Tested and checked, seems the 3rd table returned by the API contains information about the issue, e.g. _kql_raw_result_._json_response['Tables'][2] has a E_QUERY_RESULT_SET_TOO_LARGE value:

{'TableName': 'Table_2',
 'Columns': [{'ColumnName': 'Timestamp',
   'DataType': 'DateTime',
   'ColumnType': 'datetime'},
  {'ColumnName': 'Severity', 'DataType': 'Int32', 'ColumnType': 'int'},
  {'ColumnName': 'SeverityName', 'DataType': 'String', 'ColumnType': 'string'},
  {'ColumnName': 'StatusCode', 'DataType': 'Int32', 'ColumnType': 'int'},
  {'ColumnName': 'StatusDescription',
   'DataType': 'String',
   'ColumnType': 'string'},
  {'ColumnName': 'Count', 'DataType': 'Int32', 'ColumnType': 'int'},
  {'ColumnName': 'RequestId', 'DataType': 'Guid', 'ColumnType': 'guid'},
  {'ColumnName': 'ActivityId', 'DataType': 'Guid', 'ColumnType': 'guid'},
  {'ColumnName': 'SubActivityId', 'DataType': 'Guid', 'ColumnType': 'guid'},
  {'ColumnName': 'ClientActivityId',
   'DataType': 'String',
   'ColumnType': 'string'}],
 'Rows': [['2021-09-28T11:35:51.1229415Z',
   2,
   'Error',
   -2133196797,
   'Query result set has exceeded the internal data size limit 64000000 (E_QUERY_RESULT_SET_TOO_LARGE; see https://aka.ms/kustoquerylimits)',
   1,
   'ee8842dc-a93b-4b17-a39f-815a984b4592',
   'ee8842dc-a93b-4b17-a39f-815a984b4592',
   '048f578f-4c35-4c58-a14e-75bb0b19ca55',
   '65351ce2-c3b4-4e72-97de-e02152a5af26'],
  ['2021-09-28T11:36:00.7791658Z',
   6,
   'Stats',
   0,
   '{"ExecutionTime":12.4531257,"resource_usage":{"cache":{"memory":{"hits":0,"misses":0,"total":0},"disk":{"hits":0,"misses":0,"total":0},"shards":{"hot":{"hitbytes":0,"missbytes":0,"retrievebytes":0},"cold":{"hitbytes":0,"missbytes":0,"retrievebytes":0},"bypassbytes":0}},"cpu":{"user":"00:00:00","kernel":"00:00:00.0312500","total cpu":"00:00:00.0312500"},"memory":{"peak_per_node":19669488}},"input_dataset_statistics":{"extents":{"total":526,"scanned":526,"scanned_min_datetime":"2021-07-12T06:54:40.8842562Z","scanned_max_datetime":"2021-09-28T11:35:38.7088527Z"},"rows":{"total":107210439,"scanned":107210439},"rowstores":{"scanned_rows":0,"scanned_values_size":0},"shards":{"queries_generic":0,"queries_specialized":0}},"dataset_statistics":[{"table_row_count":3672,"table_size":64179555}]}'
}

The log analytics API doesn't seem to have an easy obvious error attribute and instead it has to be fished out of the 3rd data table that contains information about the query execution.

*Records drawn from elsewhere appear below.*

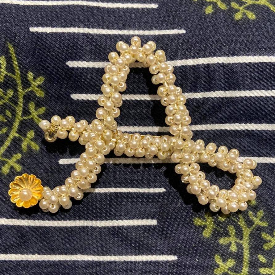 Spilla monogramma con filigrana e perline. Materiali free nikel.
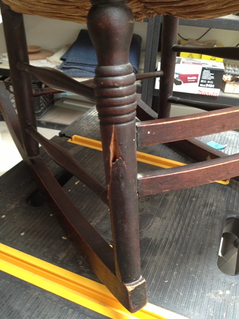 Mark repaired this rocking chair by stabilizing the broken rocking chair leg, fabricating several missing chair leg pieces, and finally by masking all signs of damage through precision wood repair. The chair is now weight bearing again and looks like new!
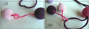 Расход примерно – 1 моток ниток на бусину 25 мм или из 2 моточков - 3 по 20 мм, или 2 бусины 14 мм из 1 мотка (тут может чуть не хватить, смотря какая плотность вязания). На шнур уходит 2 полный мотка. Но все равно мне приходится докупать нитки пару раз - придумываются бусики в процессе.
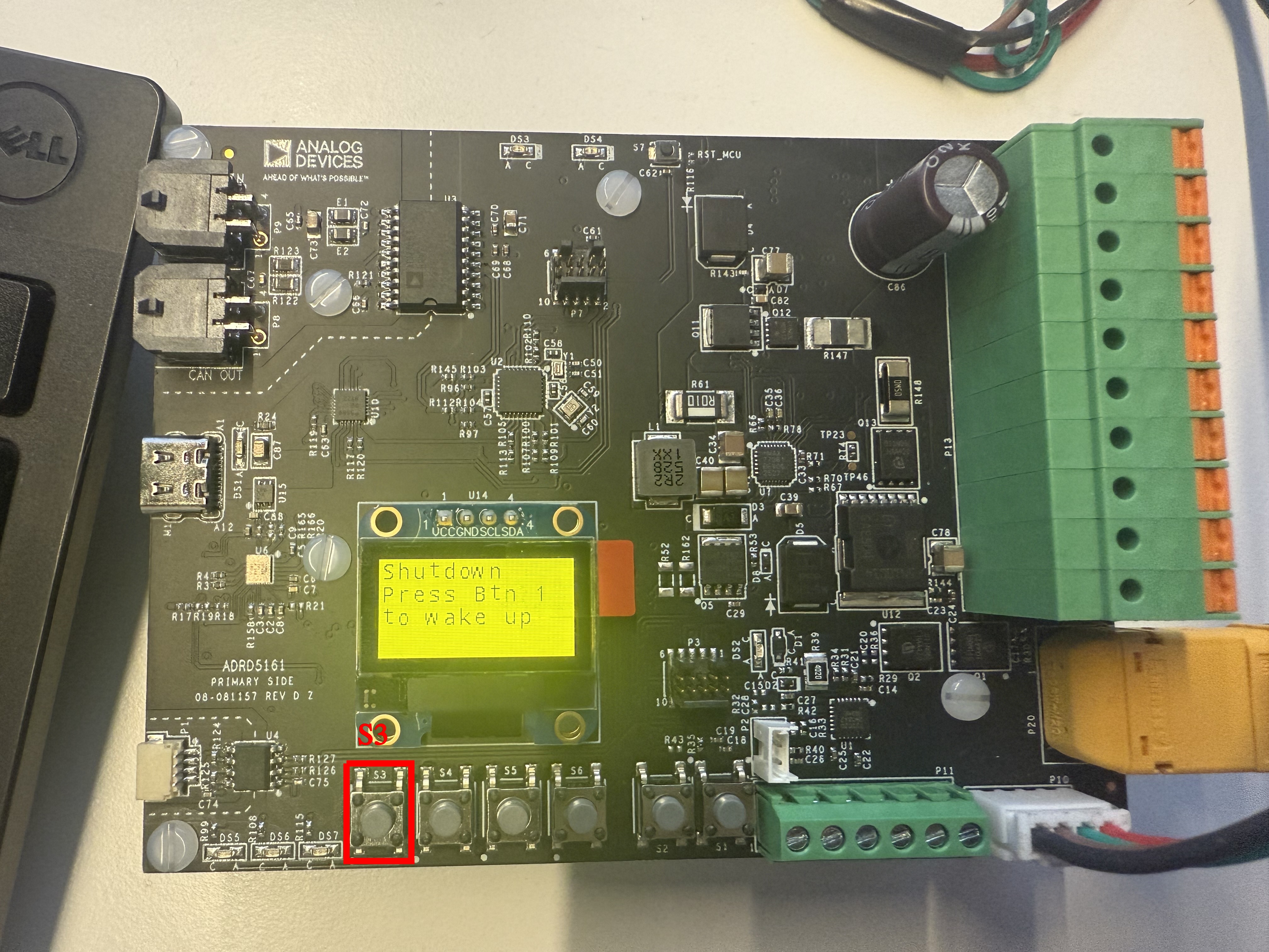 When in the Shutdown state, the ADRD5161-01Z is still powered on. However, the supply to the consumers and the CAN Transceiver is cut off. This state can be triggered either by faults appearing in the powerpath, or by pressing the designated S4 button. To exit Shutdown State, the same button must be pressed.
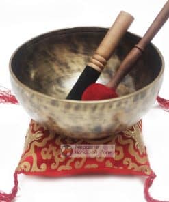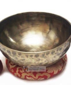 Cuenco Tibetano de Meditación de 10 Pulgadas de Alta Calidad: – Este Cuenco Tibetano de Meditación de 10 Pulgadas de alta calidad está hecho de siete metales, incluyendo cobre y plata. Este cuenco de canto fue martilleado a mano. Este cuenco de canto budista tibetano martilleado a mano fue hecho a mano en Nepal. Pátina de bronce clásica con manchas y remolinos oscuros. Este cuenco está literalmente cubierto de marcas auténticas martilleadas a mano. Este cuenco PREMIUM canta MUY fácilmente. Gran sostenimiento durará y durará. Tono medio completo con un dulce zumbido alto constante. Encanto MUY distintivo. Esta publicación es para un cuenco antiguo, genuinamente hecho a mano y auténtico. Un mazo gratuito y un cojín de cuenco de canto (color, diseño y color pueden variar) están incluidos con este cuenco. Excelente cantor; excelente y pacífico sonido zumbador. El sonido alojado no hace justicia al cuenco. Adecuado para cualquier uso profesional, incluyendo grabaciones de sonido, proyectos de sonido, yoga, reiki y más. Este cuenco de canto viene con un mazo (también conocido como mazo, puja). DESCRIPCIÓN DEL ARTÍCULO: Peso del cuenco de canto :1375g Ancho del cuenco de canto (Diámetro) : 9 pulgadas Altura del cuenco de canto : 4 pulgadas Grosor del cuenco de canto : 4 mm Material del cuenco de canto : Latón y 7 metales auspiciosos Elementos de esta publicación : Cuenco, mazo y cojín Peso total de todos los artículos : 1600g CÓMO TOCAR EL CUENCO DE CANTO: 1) Coloque (no toque/sujete el cuenco con los dedos, puede amortiguar la vibración/sonido) el cuenco en la palma de una de sus manos. 2) Deslice/rote el mazo firmemente alrededor del borde del cuenco con una presión uniforme y velocidad uniforme para producir vibración/sonido. 3) La vibración y el sonido también se pueden producir simplemente golpeando el cuenco con el mazo. Otra opción es «tintinear» o «golpear» los cuencos. Este es un método sencillo que consiste en golpear el cuenco con un mazo de madera o acolchado.
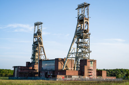 HERTEN, GERMANY - OCTOBER 05 2010: Herten, North Rhine-Westphalia Zeche Ewald towers and a great sky
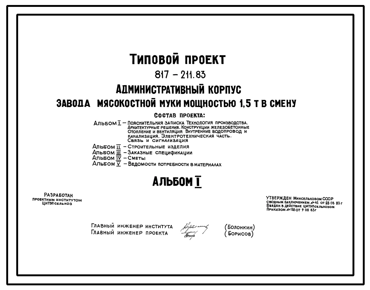 Типовой проект 817-211.83 Административный корпус завода мясокостной муки мощностью 1,5 т в смену. Размеры здания - 12x12 м. Расчетная температура: -20, -30, -40°С. Стены - панельные легкобетонные. Покрытие - железобетонные плиты по железобетонным балкам

mbnshtck commented 3 years ago

Thank you for the report. Will add in next version, notification/flag if response is truncated

JPvRiel commented 3 years ago

@mbnshtck thanks for the ACK.

Maybe just like there's _kql_raw_result_.feedback_info and _kql_raw_result_.feedback_warning, perhaps an _kql_raw_result_.feedback_error could hold extended error details?